**WHAT YOU SHOULD DO**
With the pictures omitted, print exactly the lines below, from the one containing "Lees verderDe royale" through the one containing "茶马世家莓茶张家界龙须芽尖湖南特产永定茅岩土家礼盒养生茶80g", and nothing else.

**DATA TO USE**

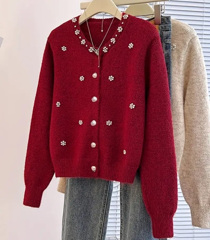 Women’s Red Floral-Accent Cardigan – Lightweight Button-Up Sweater with White Embroidered Details, Crew Neck, Long Sleeves, Perfect for Casual Fall & Winter Wear
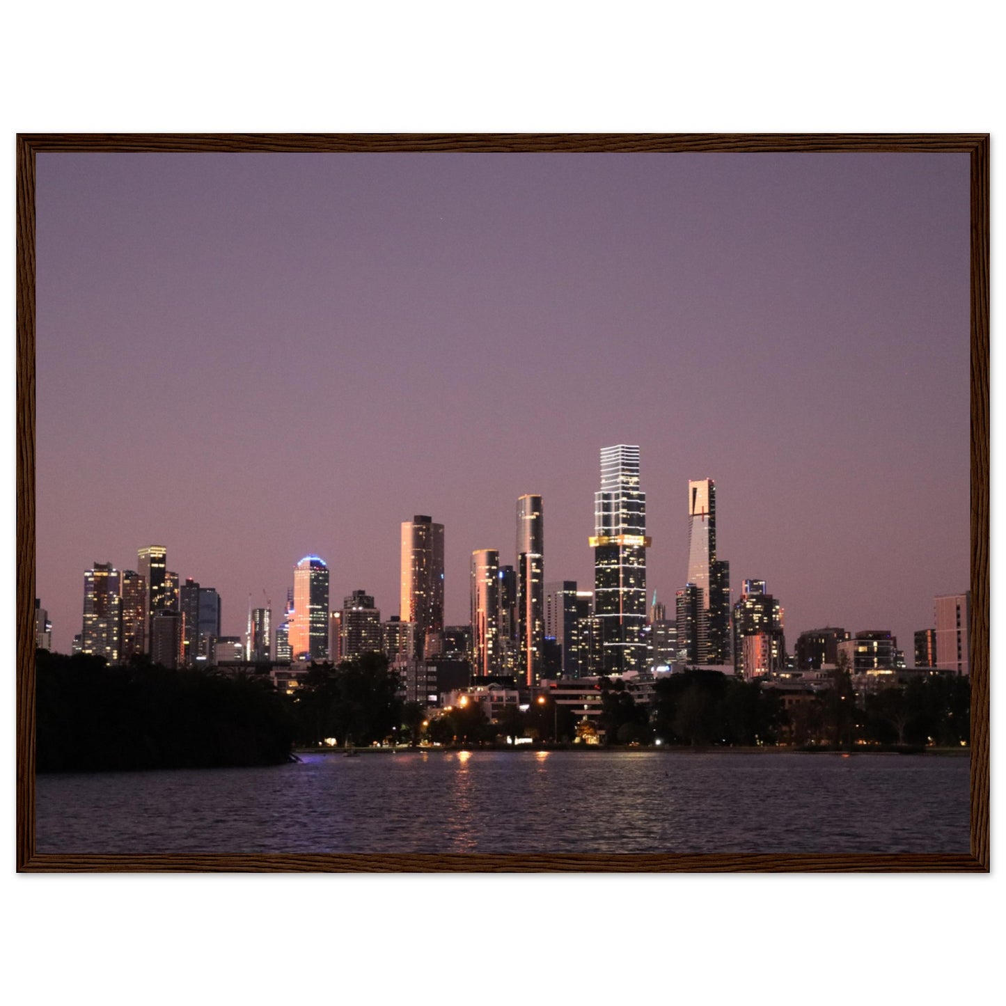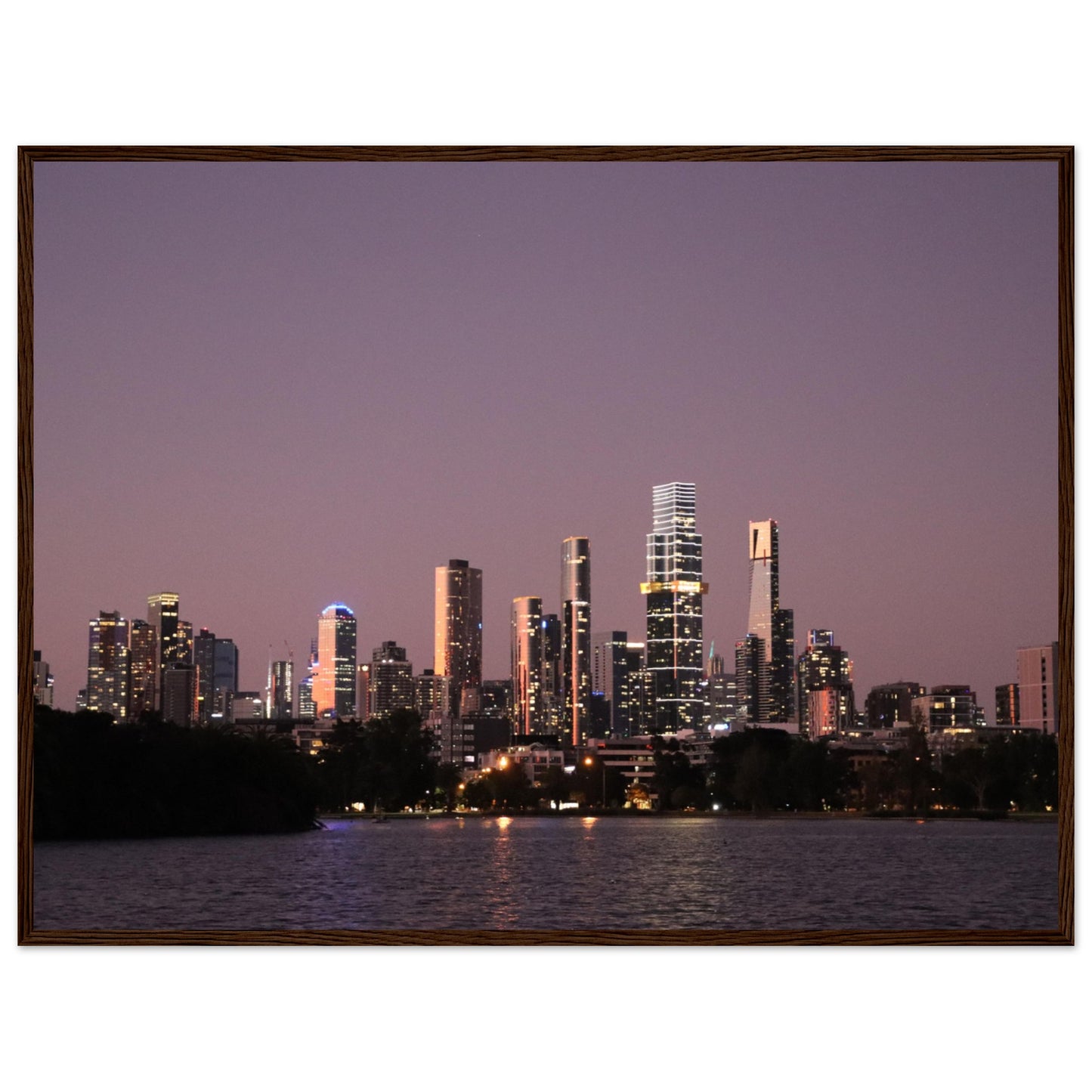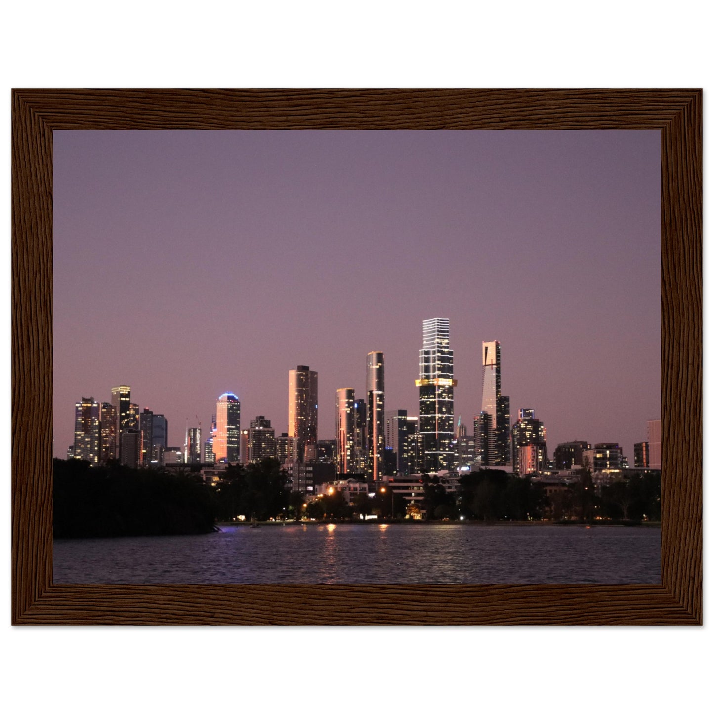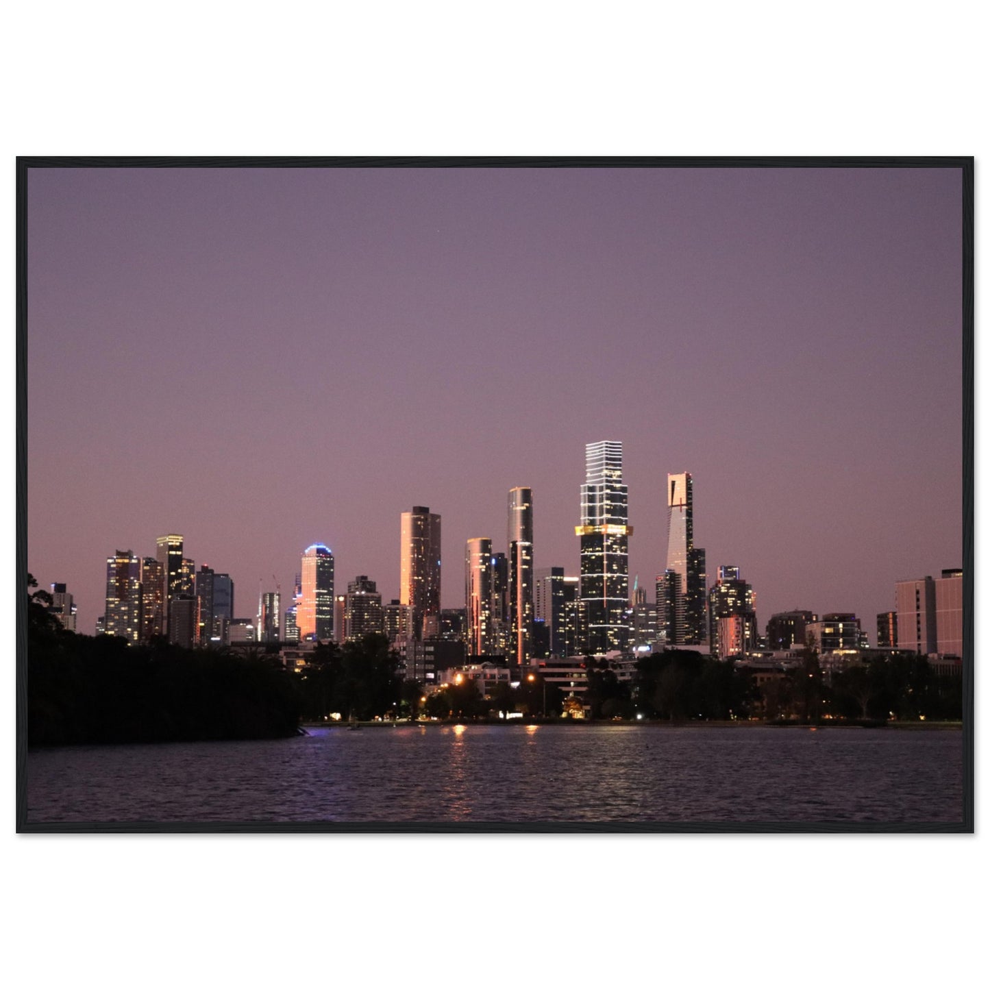Melbourne skyline at dusk - Premium Matte Paper Wooden Framed Poster
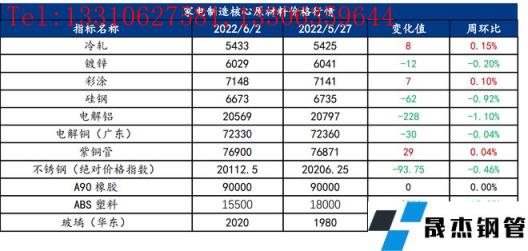 免責聲明:本網站(山東聊城晟杰無縫鋼管廠m.yztongfa.com)刊載的“家電原材料周報(5.30-6.2)”等均源于網絡,版權歸原作者所有,且僅代表原作者觀點,本文所載信息僅供參考。轉載僅為學習與交流之目的,如無意中侵犯您的合法權益,請及時聯系刪除。本網站刊登此篇文章并不意味著本站贊同其觀點或證實其內容的真實性,我們不對其科學性、嚴肅性等作任何形式的保證。如果侵犯了您的版權,請盡快聯系我們予以撤銷,謝謝合作!
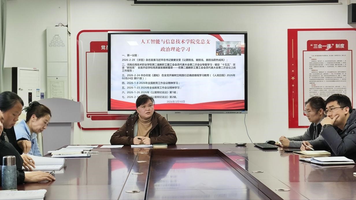 2026年3月10日,开云kaiyun官方网站党总支组织郑州和开封校区全体党员及教职工,开展政治理论学习活动。本次学习活动由开云kaiyun官方网站崔琳书记主持。主要学习内容有:1.第一议题:2026-2-28《求是》杂志发表习近平总书记重要文章《让愿担当、敢担当、善担当蔚然成风》;2.河南应用技术职业学院第二届教职工暨工会会员代表大会第二次会议专题学习:锚定“十五五”攻坚“新双高”全面开启学校高质量发展新篇章——在第二届教职工暨工会会员代表大会第二次会议上的工作报告;3.2026-2-24中办印发《通知》在全党开展树立和践行正确政绩观学习教育(《人民日报》2026年02月24日第01版);4.2026-1-8 2026年全国教育工作会议精神学习;5.2026-1-23 2026年全省教育工作会议精神学习;6.2026-1-26 2026年《以案释纪说法》第1辑;7.2026-2-10 2026年《以案释纪说法》第2辑。
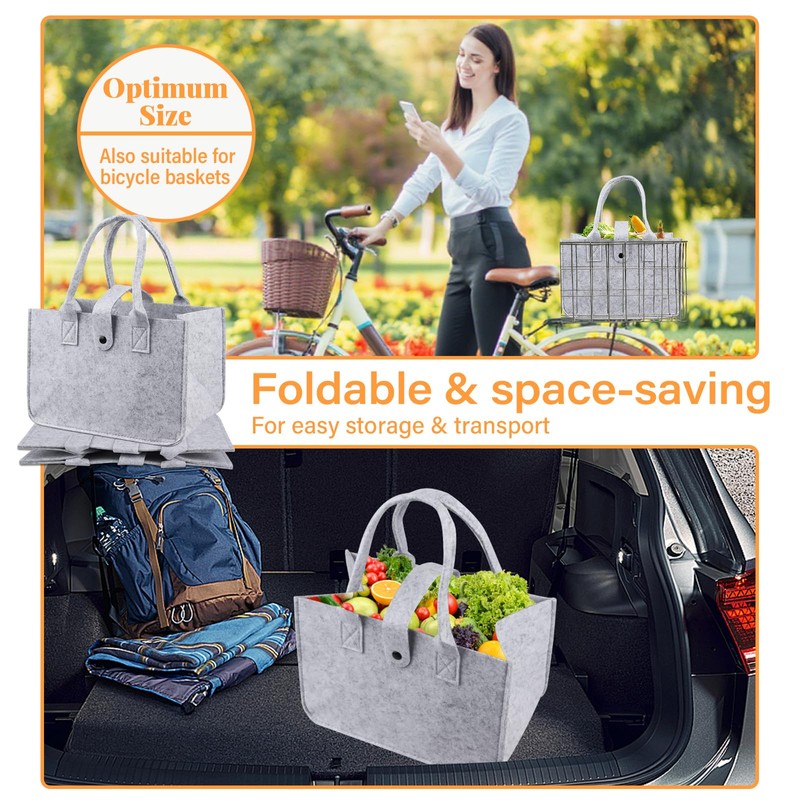 - Foldable felt basket: extended handles make it easy to carry this felt shopping bag. This shopping bag is incredibly soft and can be folded quickly and space-saving when empty.
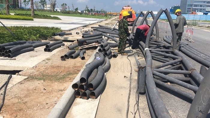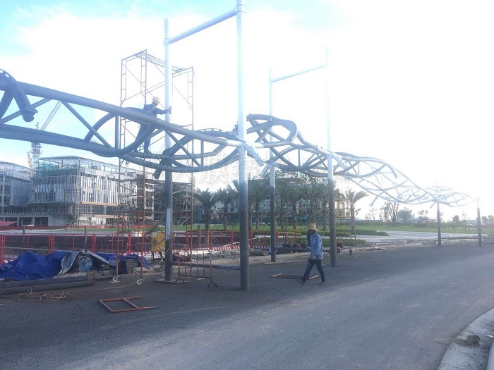“玉龍出海”造型的長廊采用骨架式膜結(jié)構(gòu),兩座膜結(jié)構(gòu)建筑總面積四百多平方米,體量雖小,但為了追求最好的工程效果,其鋼構(gòu)部件全部都在我們的鋼鐵加工廠經(jīng)過嚴(yán)格的加工工序精制而成,再運(yùn)輸?shù)浆F(xiàn)場(chǎng)進(jìn)行安裝拼接。如今雖然兩座廊橋的鋼結(jié)構(gòu)已吊裝完成,準(zhǔn)備裝膜。
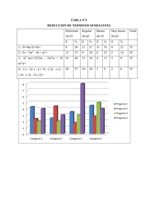 La tabla muestra los resultados de una prueba de reducción de términos semejantes realizada por 35 estudiantes en 4 preguntas. La mayoría de estudiantes tuvieron un desempeño deficiente o regular, con solo unos pocos logrando un desempeño bueno o muy bueno.
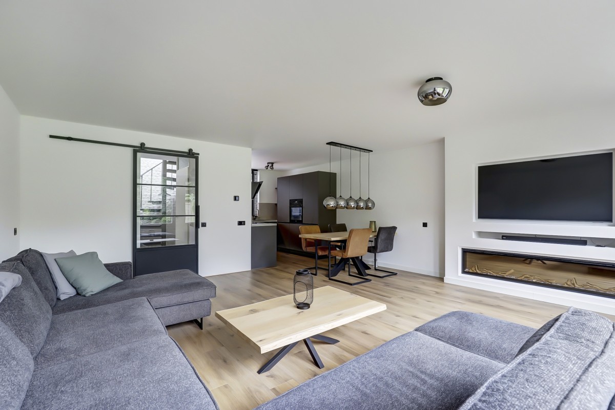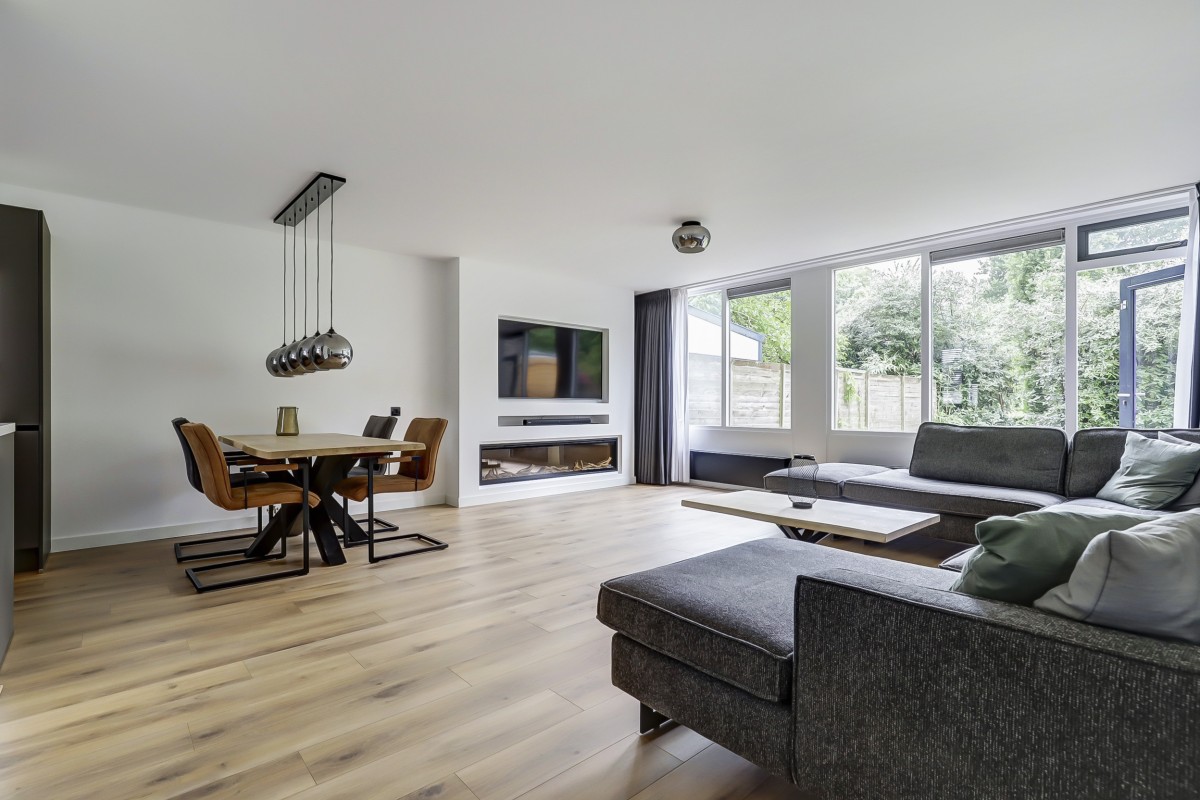 Lees verderDe royale tuingerichte woonkamer beschikt over een laminaatvloer, cinewall en een deur naar de achtertuin. Aan de voorzijde bevindt zich de moderne straatgerichte keuken in U-opstelling (2024), voorzien van diverse inbouwapparatuur: koelkast, vriezer, vaatwasser, combimagnetron, inductiekookplaat en afzuigschouw.
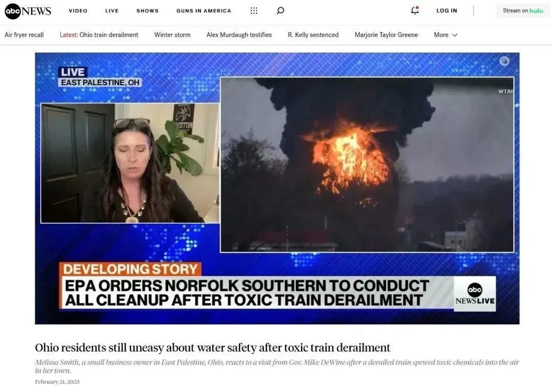 自从本月3日美国俄亥俄州东巴勒斯坦镇发生“毒列车”脱轨事件后,美国政府对于事故反应及后续化学品处理的方式备受质疑。
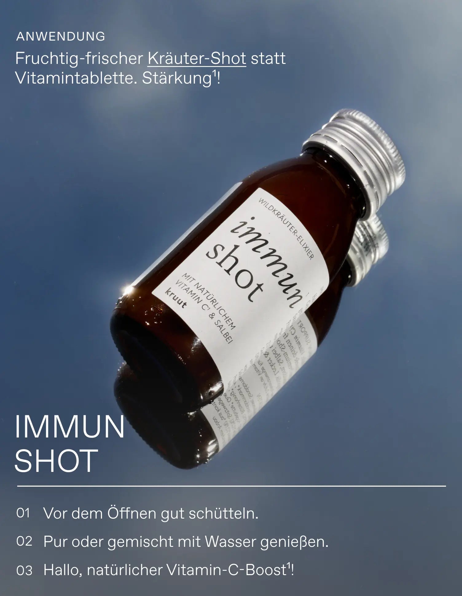 - Dein Wildkräutershot für Immun-Support¹. Natürliche Unterstützung mit Vitamin C zur normalen Funktion des Immunsystems¹.
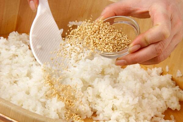 すし飯が人肌位に冷めれば白ゴマ大1.5を混ぜ合わせ、器に盛る。
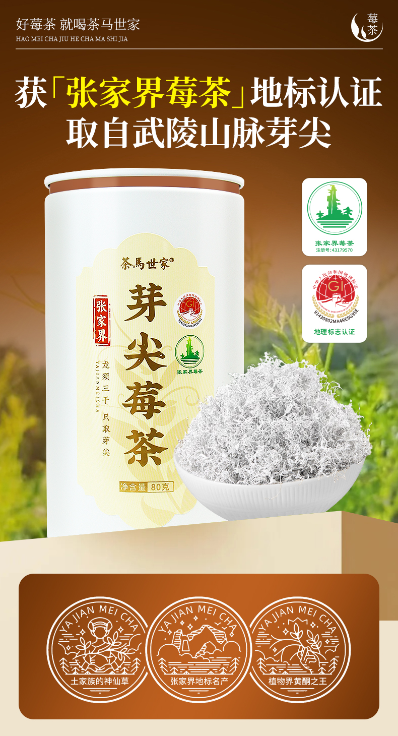 茶马世家莓茶张家界龙须芽尖湖南特产永定茅岩土家礼盒养生茶80g
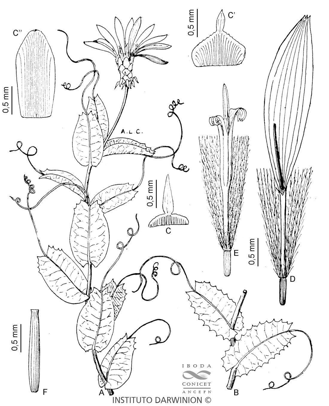 Sufrútices volubles, ramosos; tallos jóvenes con alas espinosodentadas, los viejos sin alas, glabros o laxamente lanuginosos en la parte superior. Hojas alternas, sésiles, elípticas u ovado-elípticas, de 4-6 × 2-3,5 cm, acorazonadas y semiabrazadoras en la base, emarginadas en el ápice y terminadas en un largo zarcillo simple, con 1 ó 2 dientes en la parte superior o a veces dentado-espinosas en todo el margen, glabras en ambas caras o lanuginosas a densamente tomentosas en la inferior. Capítulos heterógamos, radiados, solitarios en el extremo de las ramitas, largamente pedunculados; pedúnculos de 4-8 cm de largo. Involucro acampanado, ca. 20 × 10 mm; filarios dispuestos en 5 series, los externos semicirculares, de 1-3 × 7-8 mm, terminados en un apéndice linear-lanceolado, corto y recurvado, glabros, los internos oblongos, de 15-16 × 7,5 mm, redondeados y ligeramente pilosos en el ápice. Flores dimorfas, las del margen 8-10, pistiladas, con corolas de color rosa pálido, subliguladas, tubo ca. 15 mm de largo, lígulas anchamente elípticas, ca. 30 × 8 mm, 3-dentadas en el ápice, labio interior reducido a un apéndice linear muy corto; flores del centro numerosas, perfectas, con corolas amarillas, bilabiadas, tubo ca. 20 mm de largo, labios 9-10 mm de largo, el exterior 3-dentado y el interno 2-fido. Aquenios cilindroides, atenuados en el ápice, ca. 15 mm de largo, glabros. Papus blanquecino, ca. 20 mm de largo.
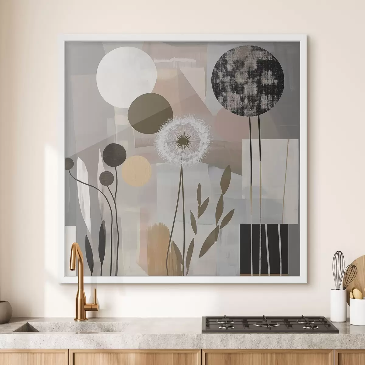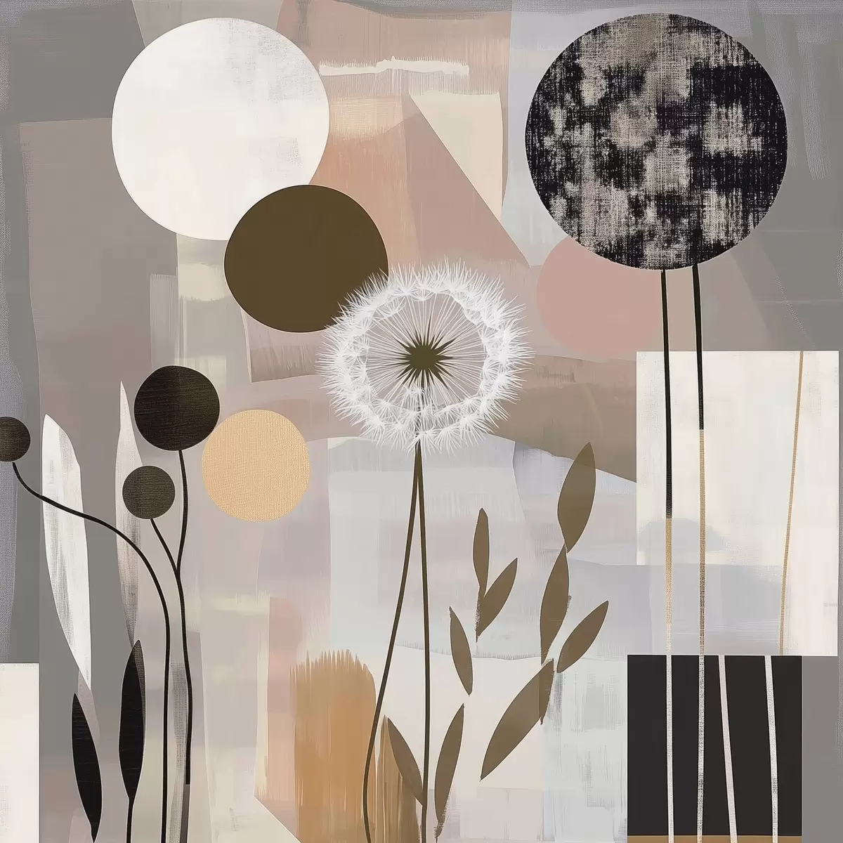 Poster Abstraktion mit Löwenzahn und Pflanzen Nr f47775

**RESPONSE TO THE TASK**
 Lees verderDe royale tuingerichte woonkamer beschikt over een laminaatvloer, cinewall en een deur naar de achtertuin. Aan de voorzijde bevindt zich de moderne straatgerichte keuken in U-opstelling (2024), voorzien van diverse inbouwapparatuur: koelkast, vriezer, vaatwasser, combimagnetron, inductiekookplaat en afzuigschouw.
 自从本月3日美国俄亥俄州东巴勒斯坦镇发生“毒列车”脱轨事件后,美国政府对于事故反应及后续化学品处理的方式备受质疑。
 - Dein Wildkräutershot für Immun-Support¹. Natürliche Unterstützung mit Vitamin C zur normalen Funktion des Immunsystems¹.
 すし飯が人肌位に冷めれば白ゴマ大1.5を混ぜ合わせ、器に盛る。
 茶马世家莓茶张家界龙须芽尖湖南特产永定茅岩土家礼盒养生茶80g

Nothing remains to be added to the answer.